Task to complete
All the data that follows should be repeated exactly, without a single picture.

Recorded information
== Segment start ==

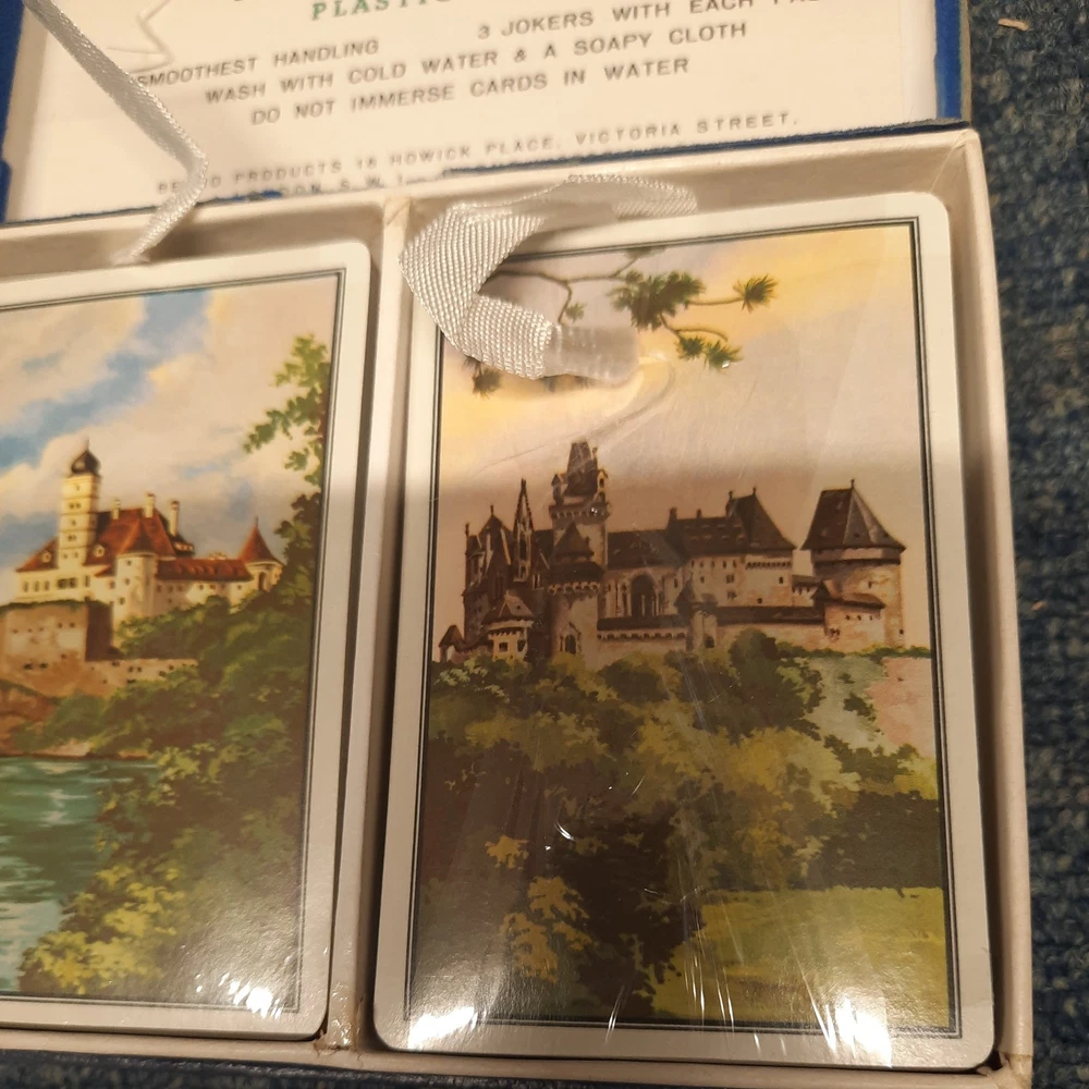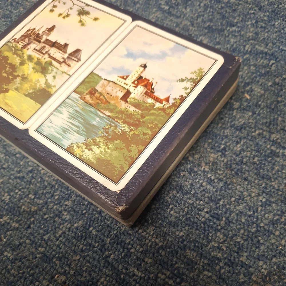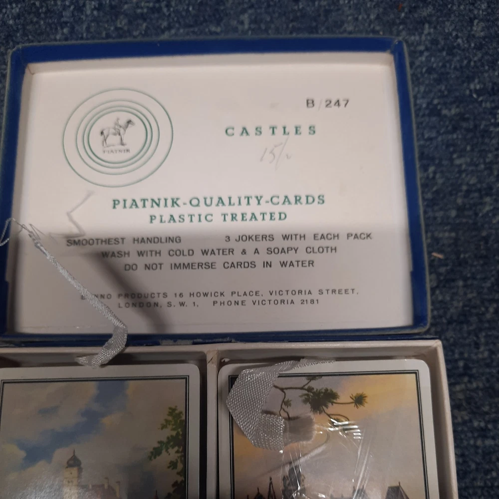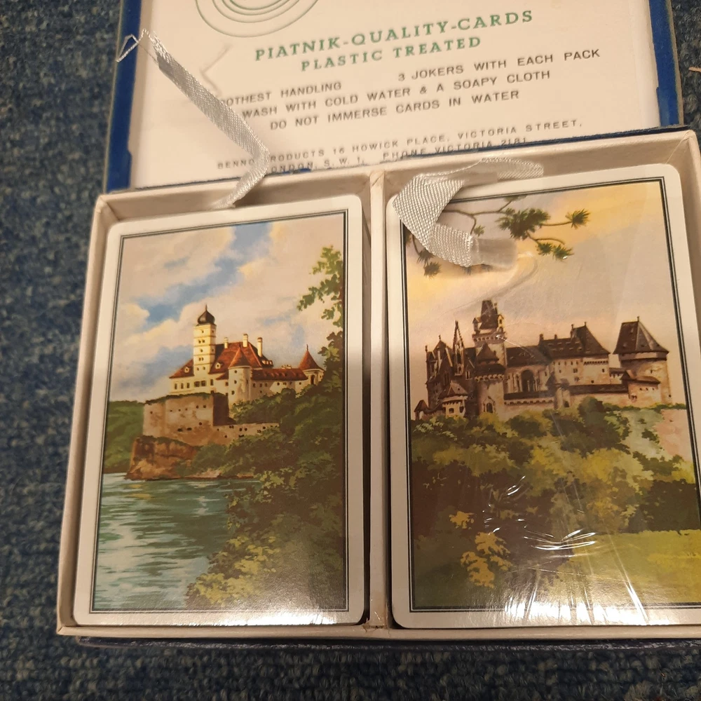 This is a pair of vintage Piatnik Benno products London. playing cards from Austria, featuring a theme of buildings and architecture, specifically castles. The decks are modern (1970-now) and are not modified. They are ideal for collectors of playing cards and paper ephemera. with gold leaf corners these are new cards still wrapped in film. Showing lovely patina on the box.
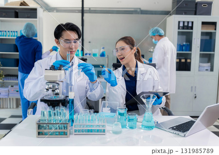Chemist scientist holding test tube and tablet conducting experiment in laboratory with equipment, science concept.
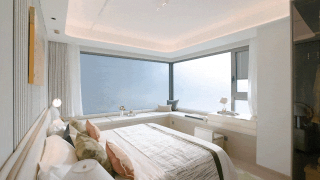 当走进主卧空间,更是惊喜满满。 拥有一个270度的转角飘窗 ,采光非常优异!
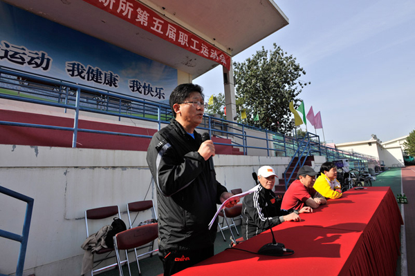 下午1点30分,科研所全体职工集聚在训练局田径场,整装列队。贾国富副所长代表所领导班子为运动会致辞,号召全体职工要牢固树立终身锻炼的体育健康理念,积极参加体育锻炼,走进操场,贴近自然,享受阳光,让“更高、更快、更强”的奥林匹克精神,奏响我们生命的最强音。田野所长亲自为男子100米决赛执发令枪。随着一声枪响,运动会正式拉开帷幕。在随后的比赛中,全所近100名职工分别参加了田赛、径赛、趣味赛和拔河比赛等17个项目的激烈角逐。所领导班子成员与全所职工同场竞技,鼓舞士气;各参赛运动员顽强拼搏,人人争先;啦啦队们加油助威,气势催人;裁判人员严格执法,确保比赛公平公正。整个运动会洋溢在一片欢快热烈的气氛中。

== Segment end ==

Result
 This is a pair of vintage Piatnik Benno products London. playing cards from Austria, featuring a theme of buildings and architecture, specifically castles. The decks are modern (1970-now) and are not modified. They are ideal for collectors of playing cards and paper ephemera. with gold leaf corners these are new cards still wrapped in film. Showing lovely patina on the box.
Chemist scientist holding test tube and tablet conducting experiment in laboratory with equipment, science concept.
 当走进主卧空间,更是惊喜满满。 拥有一个270度的转角飘窗 ,采光非常优异!
 下午1点30分,科研所全体职工集聚在训练局田径场,整装列队。贾国富副所长代表所领导班子为运动会致辞,号召全体职工要牢固树立终身锻炼的体育健康理念,积极参加体育锻炼,走进操场,贴近自然,享受阳光,让“更高、更快、更强”的奥林匹克精神,奏响我们生命的最强音。田野所长亲自为男子100米决赛执发令枪。随着一声枪响,运动会正式拉开帷幕。在随后的比赛中,全所近100名职工分别参加了田赛、径赛、趣味赛和拔河比赛等17个项目的激烈角逐。所领导班子成员与全所职工同场竞技,鼓舞士气;各参赛运动员顽强拼搏,人人争先;啦啦队们加油助威,气势催人;裁判人员严格执法,确保比赛公平公正。整个运动会洋溢在一片欢快热烈的气氛中。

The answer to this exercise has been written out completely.